Families are the central nucleus of society; however, they face internal challenges that affect their functioning and stability, often manifesting in incidents of domestic and gender-based violence. The World Health Organization has classified this violence as a severe public health problem and a violation of human rights. To address this issue, the Congress of the Republic of Colombia enacted Law 2126 of 2021, introducing significant changes to the responsibilities of authorities in preventing, restoring, protecting, and repairing the rights of victims. This law provided a three-year implementation period for territorial entities, which concluded on 4 August 2023. In 2023, 119,483 cases were reported, and by June 2024, the number had reached 63,528—the highest recorded to date. This situation continued to escalate uncontrollably throughout 2024, overwhelming functional capacity and resulting in a crisis. Therefore, the objective of this study is to analyze the guarantee of rights for victims of violence in the family context, within the competencies of Family Commissariats, as outlined in Law 2126 of 2021. The methodology focuses on analyzing academic and scientific databases, including studies and articles published in indexed journals, to evaluate government measures and describe the challenges in service provision by Family Commissariats to propose conclusions.
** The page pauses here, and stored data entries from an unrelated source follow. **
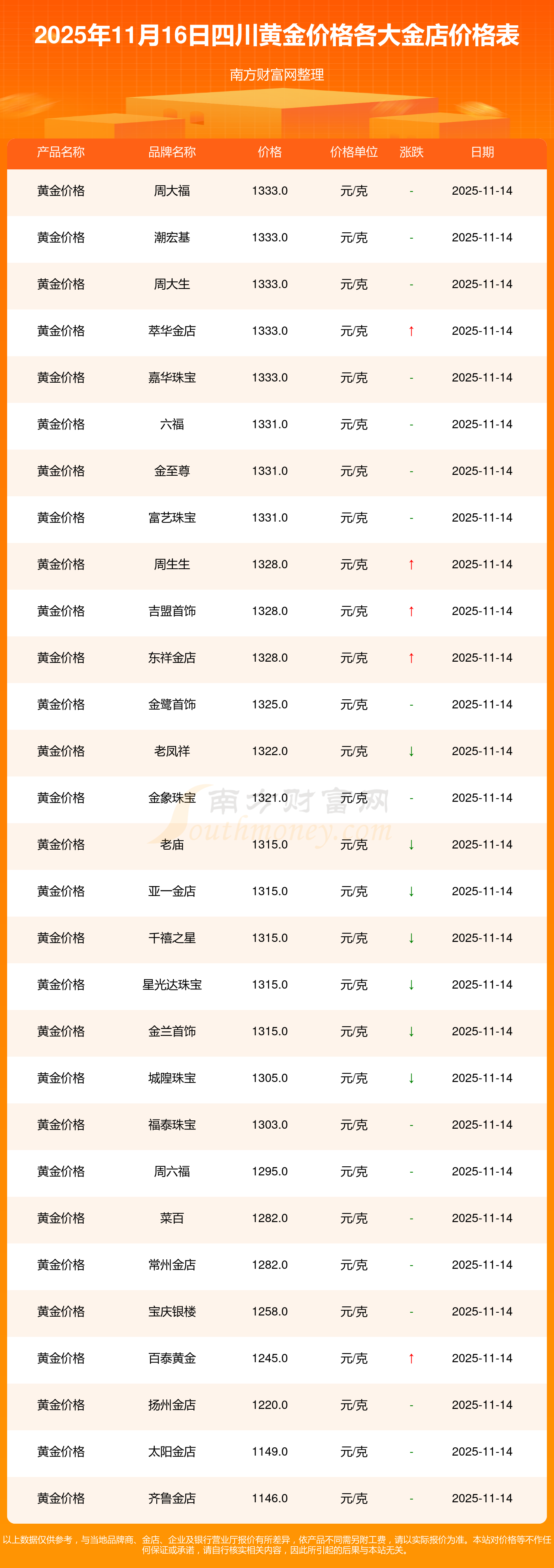 2025年11月16日四川周大福、周大福、周大福、周大福、周大福、周大福、周大福、老鳳祥、老鳳祥、老鳳祥、周六福等各大金店品牌黃金價格最新價格如下:周大福黃金價格1333.0元/克,周大福鉑金價格646.0元/克,周大福飾品金價(內(nèi)地)1333.0元/克,周大福黃金飾品(香港)46320.0,周大福鉑金價格(香港)18410.0,周大福金條價格(香港)41780.0,周大福金條金價(內(nèi)地)1167.0元/克,老鳳祥黃金價格1322.0元/克,老鳳祥鉑金價格600.0元/克,老鳳祥足金價格1322.0元/克,周六福黃金價格1295.0元/克。
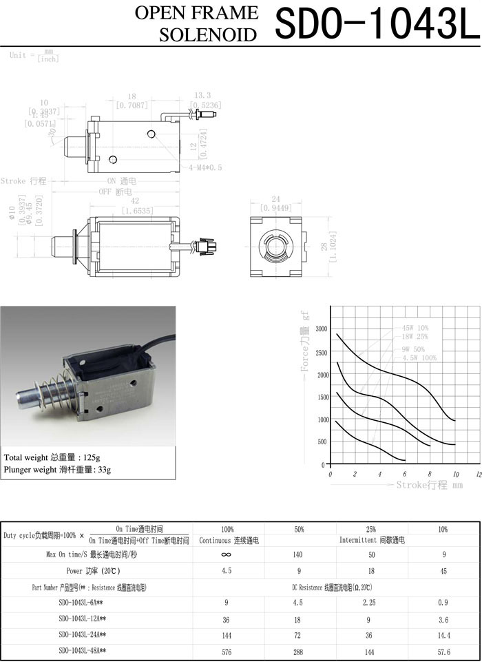 SDO-1043L-6A,SDO-1043L-12A,SDO-1043L-24A,SDO-1043L-48A,直動(dòng)電磁鐵
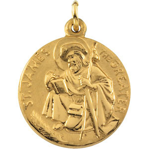 St. James Medal | 18 mm. St. James is the patron saint of laborers, pharmacists, pilgrims, rheumatism, Chile and Spain. Available in 14K Yellow Gold.
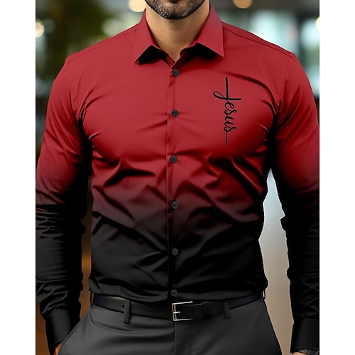 Herren Hemd Sommerhemd Freizeithemd Strandhemd Knopfhemd Rote Blau Orange Langarm Farbverlauf Kreuz Revers Urlaub Hawaiianisch Button-Down Bekleidung Polyester Mode Lässig Bequem
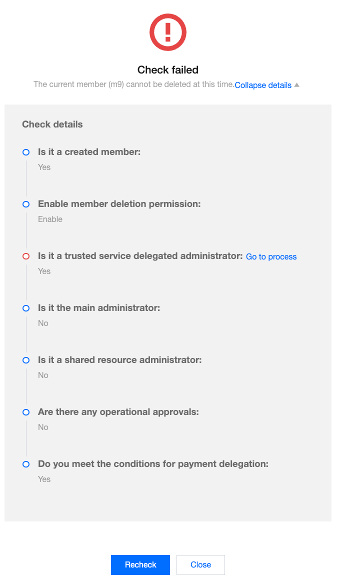 詳細表示をクリックして、具体的なチェック結果を参照できます。ページの指示に基づいて不適合項目を手動で処理し、処理完了後に再度メンバーを削除してください。
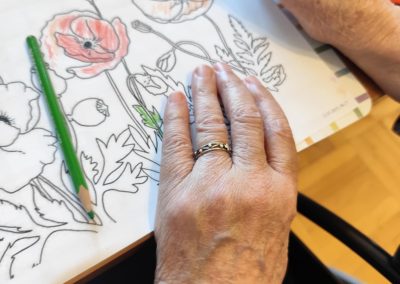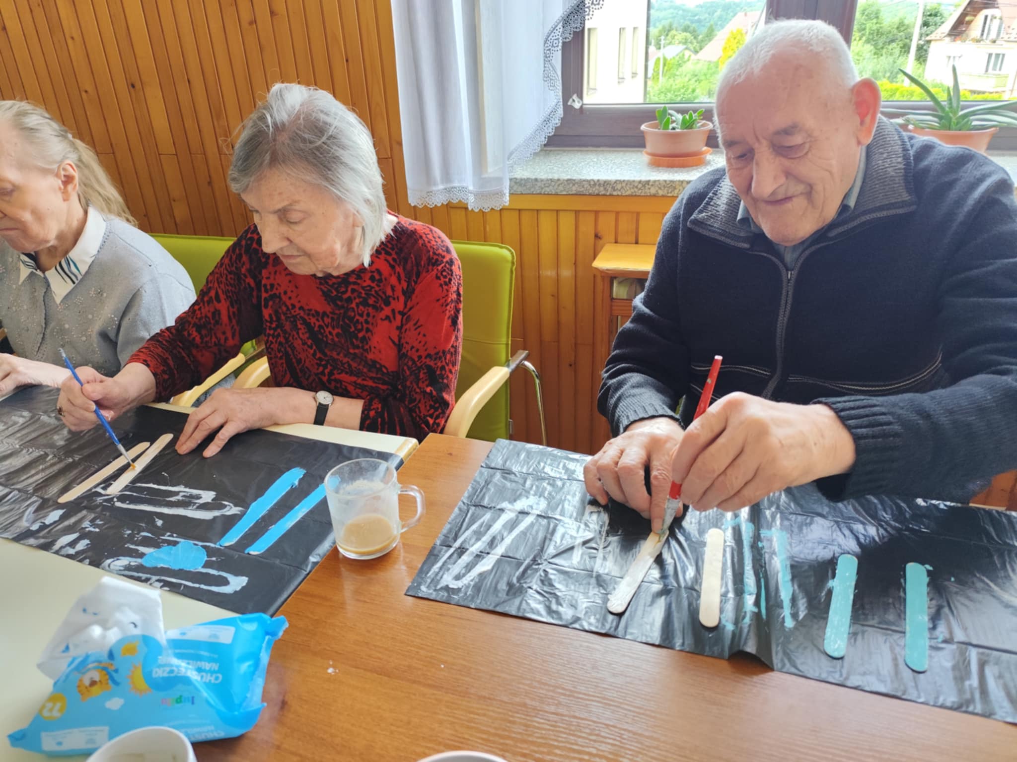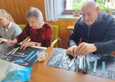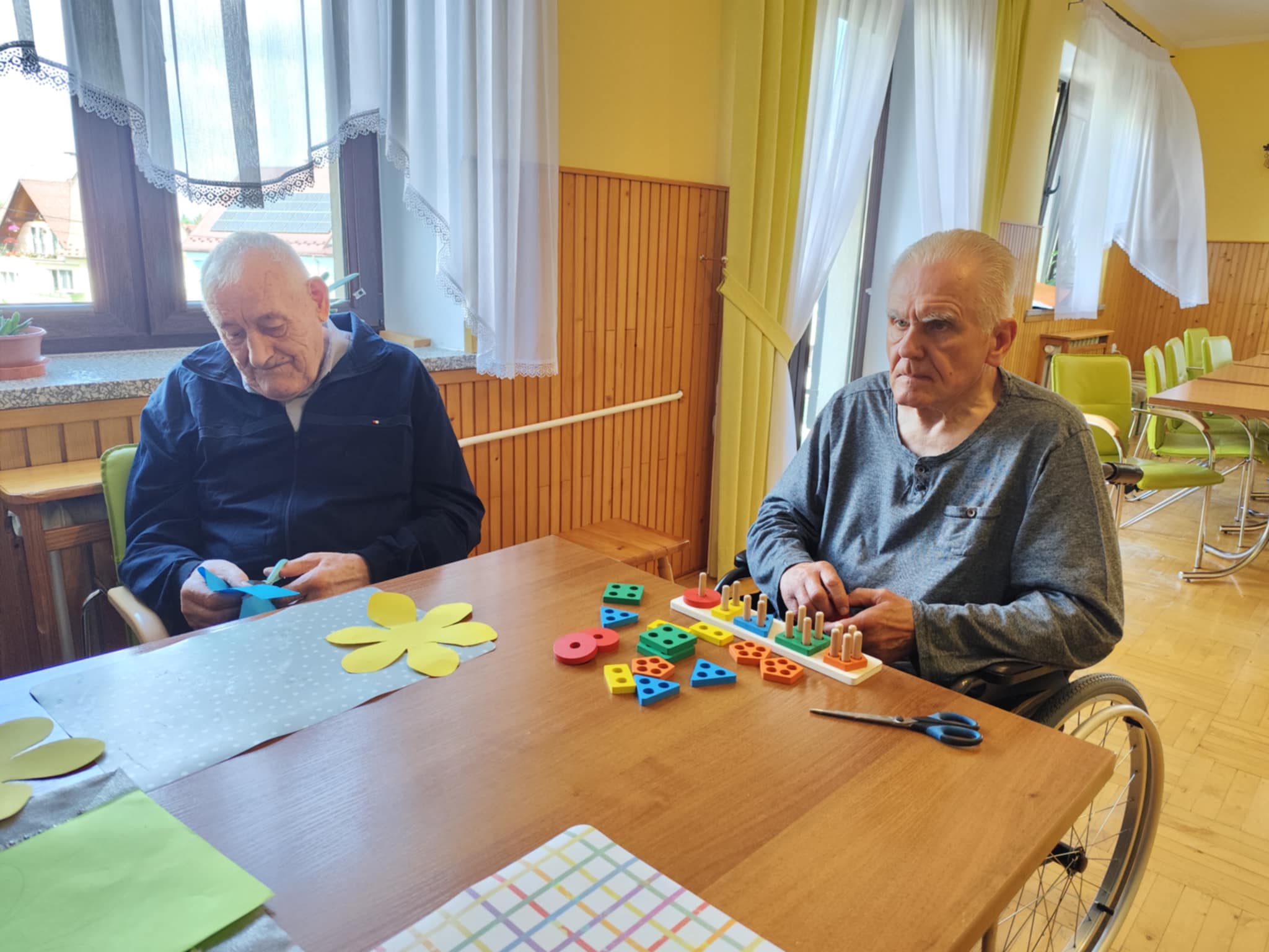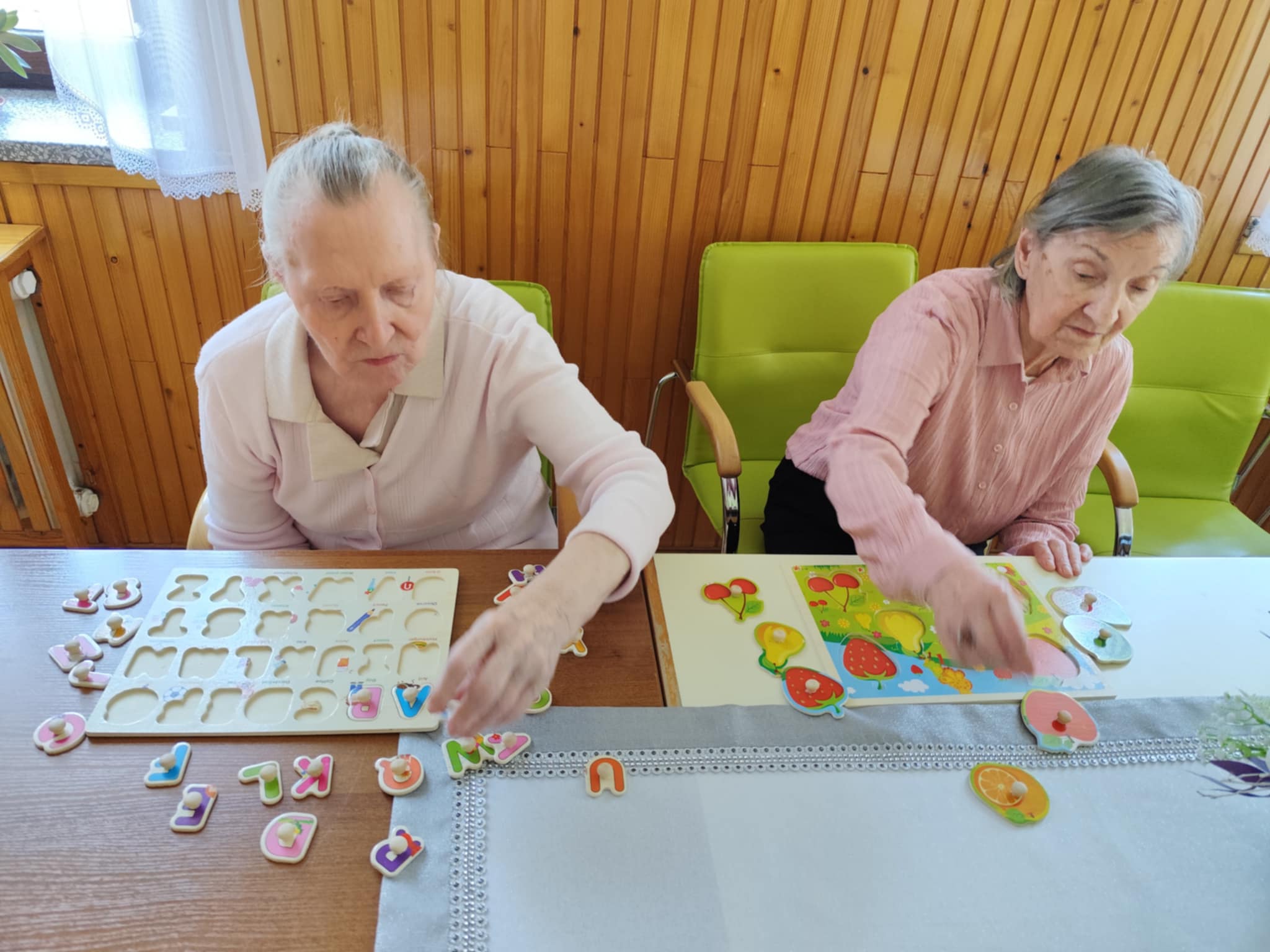 W ciągu dnia mieszkańcy chętnie brali udział w różnego rodzaju zajęciach terapii – spotykali się przy różnego typu grach – szachach, warcabach, grach planszowych; rozwiązywali krzyżówki, układali drewniane puzzle, śpiewali, słuchali muzyki… itp.; wszystkie wyżej wymienione formy zajęć rozwijają pamięć i sprzyjają budowaniu więzi międzyludzkich. Nie brakowało również zajęć artystycznych, podczas których uczestnicy mogli dać upust swojej kreatywności, tworząc piękne prace plastyczne, rękodzieło czy dekoracje sezonowe.
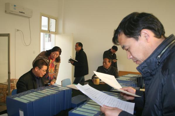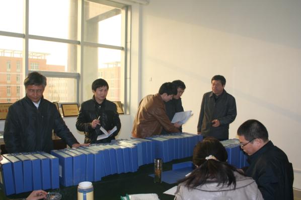 校评估专家组认真查看我系评估材料。
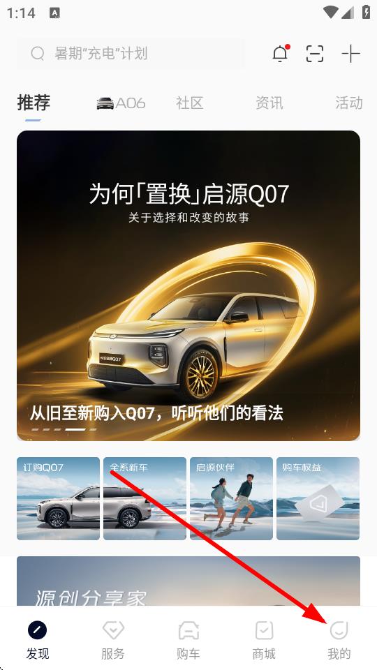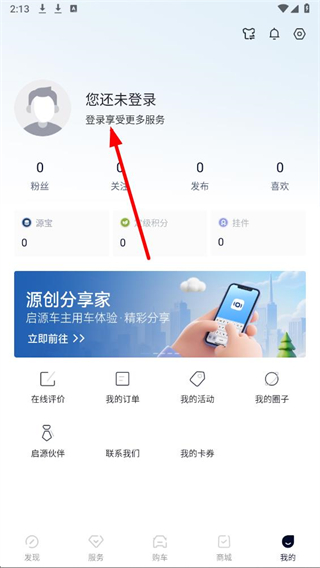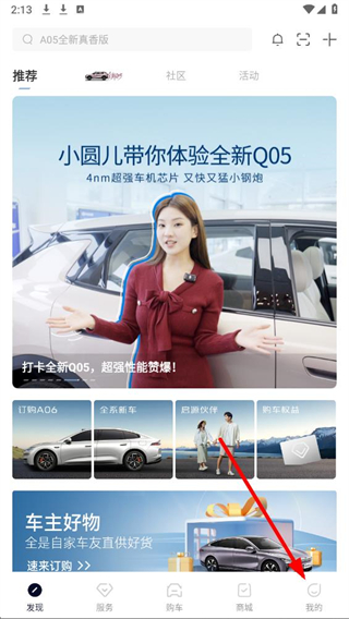 1、打开欧尚汽车app,点击底部导航栏中我的进入个人页面。
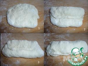 Перед последним складыванием тесто гладкое. После последнего складывания тесто становится "как перчатка".
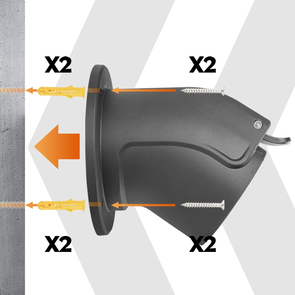 This holder can help you to hang up your Type2 female(EV end) plug near the home charging station / charger when not in use.
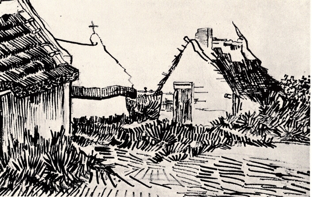 Ti offriamo una riproduzione artigianale su tela dell'opera famosa 'Tre Case a Saintes-Maries' di Vincent van Gogh, dal Museo delle Riproduzioni.
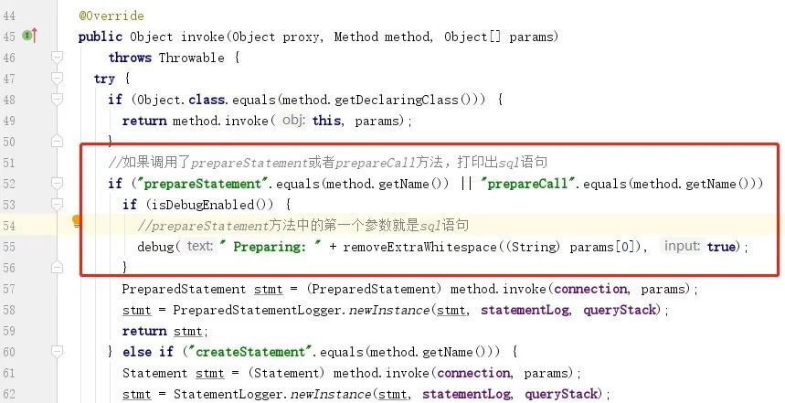 其他三个那很明显,分别是用来代理PreparedStatement,ResultSet,Statement这三个对象的。也就是说MyBatis中日志最终的打印是通过JDK动态代理来实现的,而且不同的执行过程分成了四个对象来分别负责对应的日志打印。
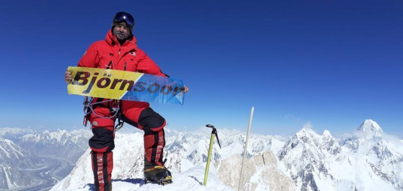 Nacho en la cima del Gasherbrum, en el Himalaya.
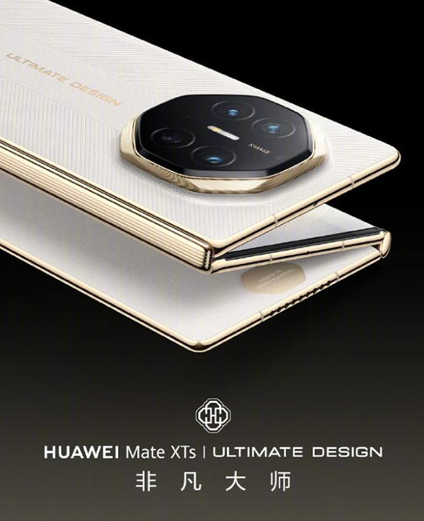 设计层面,华为给Mate XTs非凡大师注入了全新的非凡美学表达,机身镜头模组装饰、中框与徽标配色升级为沙金色,搭配全新匠心压纹工艺,更加凸显非凡大师的尊贵质感。
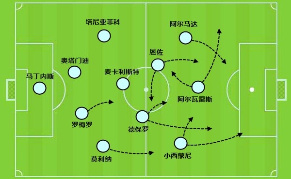 通過(guò)他的大范圍跑動(dòng),不只是回撤還要拉邊,帶來(lái)頻繁的換位。恩佐在前腰位置同樣有著大量的跑動(dòng),給阿爾馬達(dá)內(nèi)切或者是小西蒙尼前插帶來(lái)機(jī)會(huì)。
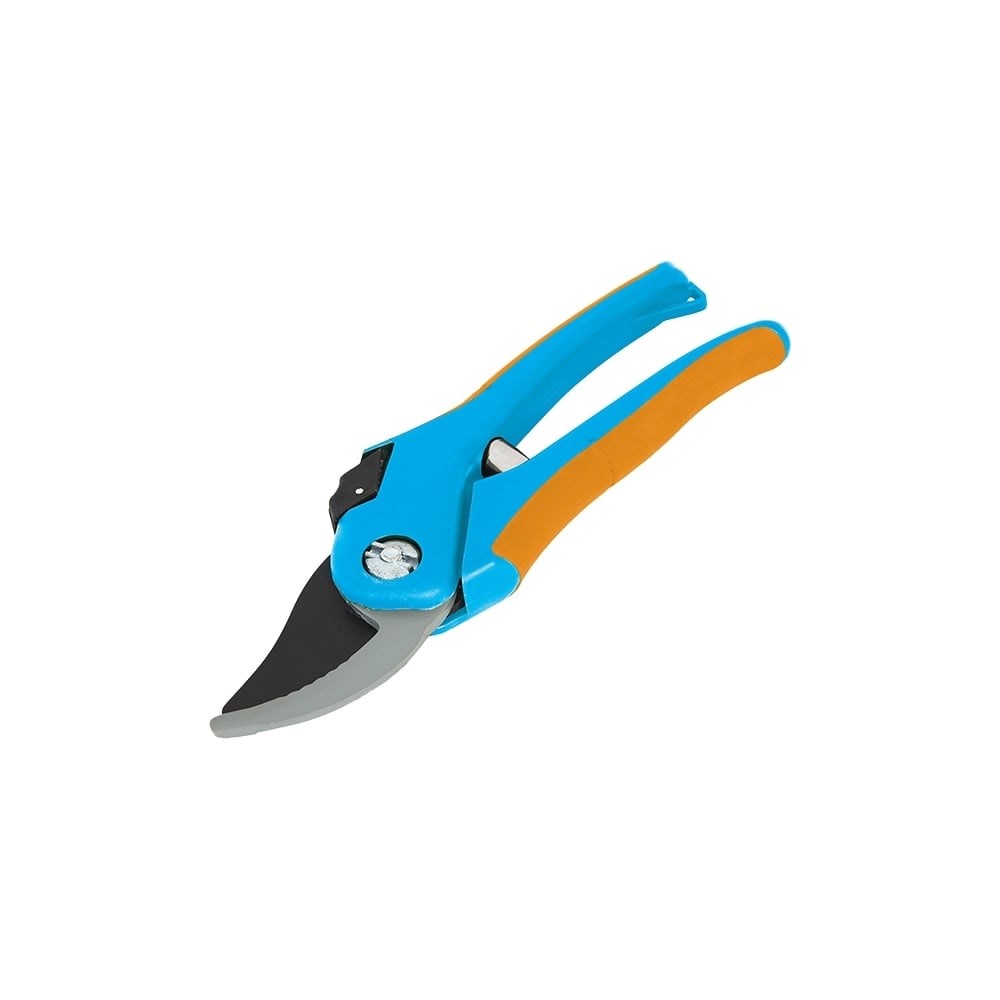 Секатор используется для ухода за садовыми кустарниками и цветами. Эргономичные, двухкомпонентные рукоятки обеспечивают надежный хват. Лезвия имею тефлоновое покрытие, что уменьшает прилипание древесного сока и мелких частиц древесины при совершении реза. Наличие фиксатора позволяет безопасно хранить и переносить секатор.

The approach is qualitative, with a hermeneutic, documentary, legal-dogmatic orientation and anthropological contributions. The results reveal that the law’s implementation has been gradual, surpassing the established deadline. Administrative, political, and financial factors identified over the three years remain unresolved in 2024. The situation for victims of physical, psychological, economic, and sexual violence within the family context has worsened due to multicausal obstacles to accessing justice in a timely, efficient, and effective manner. Consequently, there is evidence of an exponential increase in violence, underreporting, impunity, setbacks, procedural delays, normalization of violence, and re-victimization, among other issues.